The company aims to replace non-biodegradable, single-use plastic straws and reduce pollution and CO_{2} emissions. It employs about 200 rural women across coastal India, and makes around 700,000 straws a month. It was initially funded by Christ University, and incubated by IIM Bangalore's incubation centre, NSRCEL. Most leaves for the purpose are sourced from Karnataka, Kerala and Tamil Nadu, and the company has production centres in Kasargod and Palakkad in Kerala, Thoothukudi in Tamil Nadu and Bannur in Karnataka. While the straw-making process initially was time- and labour-intensive, the company has now developed technologically advanced machines and conveyor systems to rapidly increase output, reduce costs, and increase profits.
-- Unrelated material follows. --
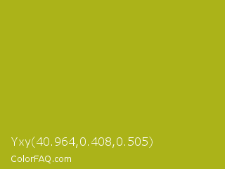 Yxy 40.964,0.408,0.505 Color is a normal yellow color and the nearest color is Acid Green #b0bf1a. Hex code #abb319 and RGB value is rgb(171,179,25). In RGB color space, this color is composed of 67% red, 70% green, 10% blue, In CMYK color space, this color is composed of 4% cyan, 0% magenta, 86% yellow , 30% black , In HSL color space, this color has a hue angle of 63° , 75% saturation and 40% lightness.

As of 2020, Sunbird Straws has exported to over 25 countries.

== Awards and honours ==
In 2019, Varghese was invited to be a part of the President of India's business delegation to the Philippines. He also won the Swadeshi Startup Award from the Indian Institute of Technology, Delhi in 2018. His startup was also the only Indian startup to be shortlisted for the Youth Ecopreneur Award in Mongolia in 2023. He is also a recipient of the Honey Bee Network Creativity and Inclusivity Award, and the Swiss Re Shine Entrepreneur Award.